Could a medicine used to treat a type of diabetes be the anti-ageing drug mankind has been searching for down the ages? From the winter of 2016, a campaign titled Targeting Ageing with Metformin will begin for which scientists are raising funds and recruiting around 3,000 people in the age group of 70 to 80 years. All of them would have to be suffering from or at risk from cancer, heart disease or dementia, reports the Telegraph. What are scientists going to investigate? Whether the drug slows the ageing process, stops disease and can be used to extend the lifespan of an average human being, says the report. The trial is expected to take five to seven years.
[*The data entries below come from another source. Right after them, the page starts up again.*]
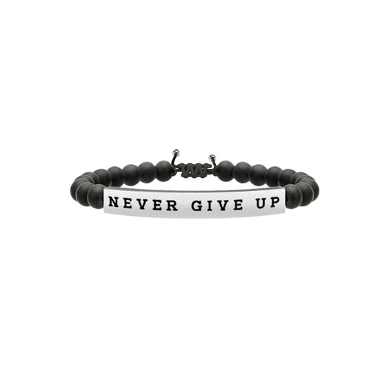 Bracciale Kidult acciaio anallergico 316L e onice con dicitura NEVER GIVE UP Chiusura regolabile con cordino. Questo BRACCIALE verrà spedito con Scatola Originale KIDULT + GARANZIA.
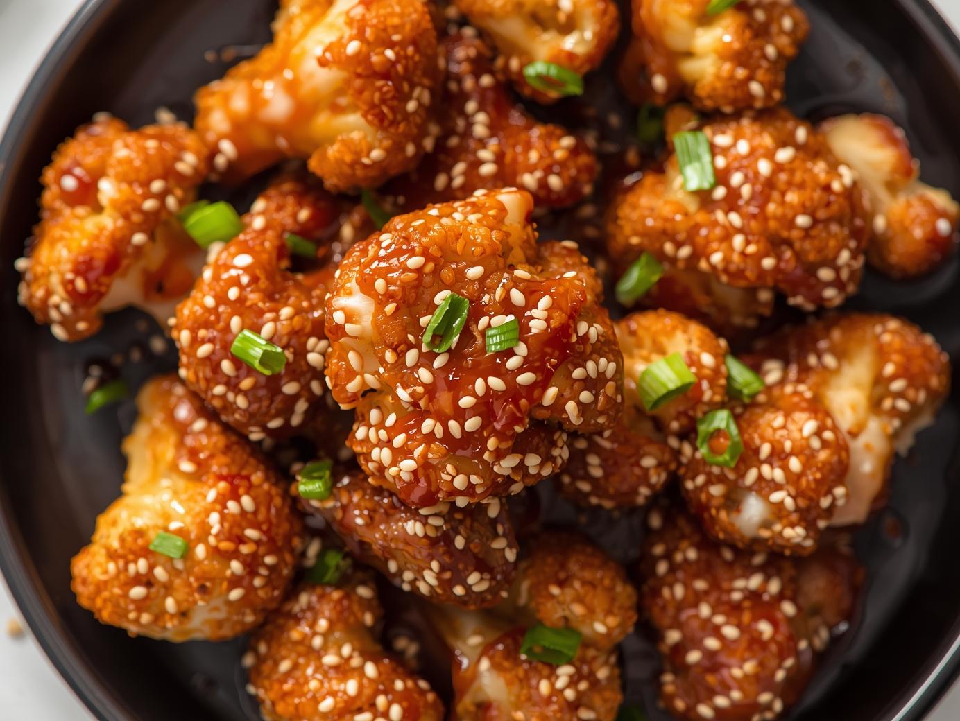 Low-Carb Sugar-Free Sesame Cauliflower "Chicken"
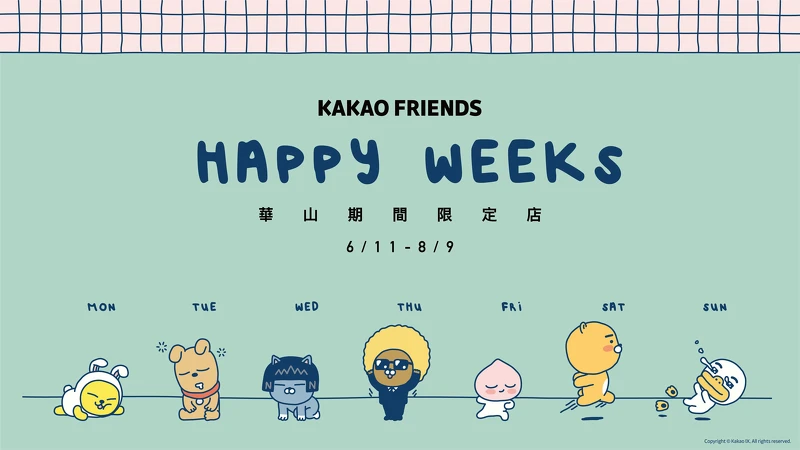 華山期間限定店以HAPPY WEEKS為主題,每天都有不同的心境,不管是Monday Blue還是Crazy Friday,天天都有KAKAO FRIENDS的陪伴。本次主題更推出一系列的超實用文具、3C小物,包含藍芽耳機保護殼、手提文件袋、滑鼠墊、四色圓珠筆、筆記本等,絕對每樣都想買回家!
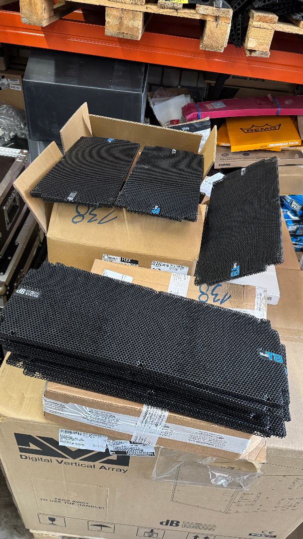 Wir verkaufen 12x Frontgitter mit Logos und Schaum für dBTechnologies DVA T8 in gutem gebrauchten Zustand, siehe Fotos.

Source: dailymail.co.uk
According to the US National Library of Medicine: "Metformin is used alone or with other medications, including insulin, to treat type 2 diabetes (condition in which the body does not use insulin normally and, therefore, cannot control the amount of sugar in the blood)"
An ANI report says the US Food and Drug Administration has given the approval for the trial given researchers have found that the drug extends the life of animals.
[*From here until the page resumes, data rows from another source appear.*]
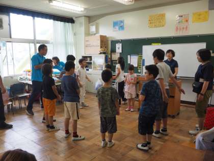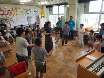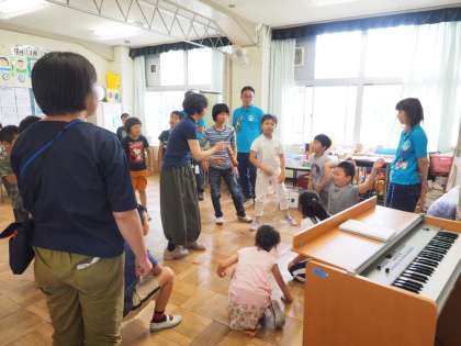 すみれ学級では音楽の授業をしていました。音楽講師の先生と一緒に、歌やリズム遊びを楽しんでいました。
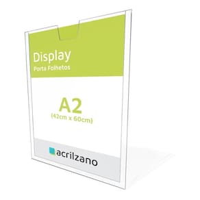 Display de parede acrílico a2 porta folha 1 unidade Caracteristicas do produto: Suporte de papel porta folder e folheto a6 em acrílico 100% virgem é o produto ideal para exposição de cartazes, anúncios, comunicados, certificados, alvarás, licenças, suportes para notificações, ofertas e qualquer tipo de comunicação entre você e seus clientes ou funcionários. Benefícios: - peça fabricada com corte a laser.- não amarela com o tempo.- excelente resistência e durabilidade.- fita dupla face nas bordas (laterais) para fixação.- pode ser usado e fixado no formato vertical. Modo de uso: Use pano úmido na superfície onde o display será colocado, tire a proteção verde da fita dupla face, cole o produto na superfície. Especificações técnicas: - modelo: display em acrílico de parede com fita dupla face vhb- tamanho: porta folha a2- material: acrílico 2mm- uso: vertical ou horizontal- largura: 42 centímetros altura: 60 centímetros- garantia: os produtos da acrilzano possuem garantia contra vícios (defeitos) de fabricação. Atenção: - limpe com álcool em gel em pouca quantidade para ajudar na higienização e desinfectação do produto, utilize uma paninho de algodão ou uma paninha macio.Ajuda a não propagar o contágio de doenças transmissíveis pela saliva e fluidos nasais. - não é recomendado uso de escovas, esponjas de aço ou fricção. Não utilize elementos corrosivos na limpeza do material. Sobre nós: A acrilzano, há 26 anos no mercado e referência de fabricação de produtos de acrílico, prioriza transmitir a individualidade em suas peças acrílicas aliada a altos critérios de qualidade. Marca: Acrilzano Az Loja
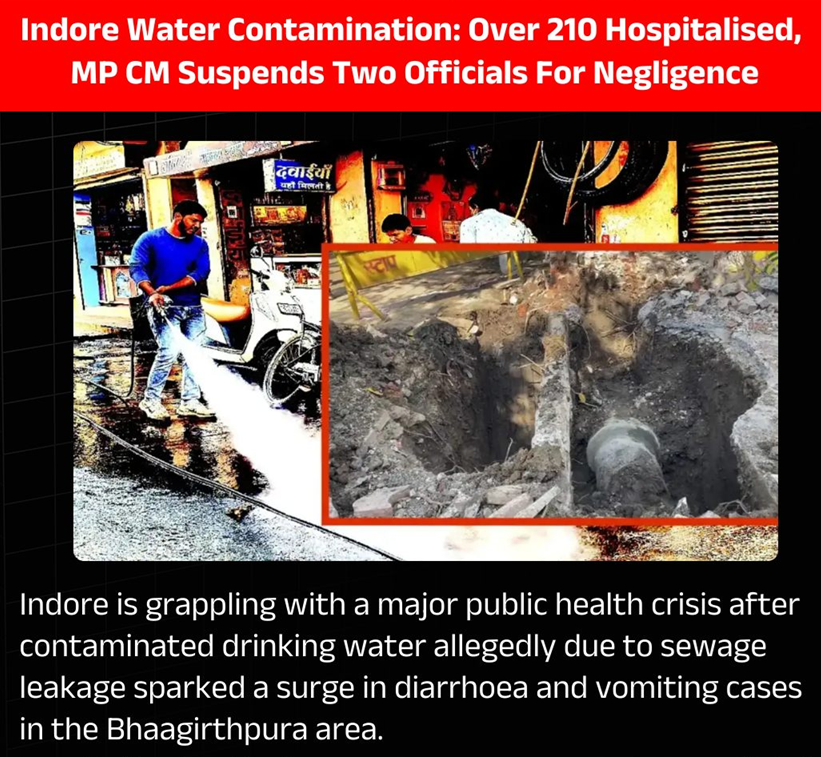 - The contamination occurred due to polluted drinking water supplied through municipal pipelines in the Bhagirathpura area of Indore, Madhya Pradesh.

Last year, researchers at Cardiff University had discovered that diabetes patients who were given this drug lived longer than even those who didn't have the condition, says a Daily Mail report.
So how does the drug slow ageing?
Metformin increases the number of oxygen molecules released into a call, which seems to boost its longevity and its robustness, says a Huffington Post report.
This in turn helps slow ageing and therefore the side effects of ageing such as heart disease.
"If you target an aging process and you slow down ageing then you slow down all the diseases and pathology of ageing as well," Prof. Gordon Lithgow from the Buck Institute for Research on Aging in California was quoted as saying in the ANI report.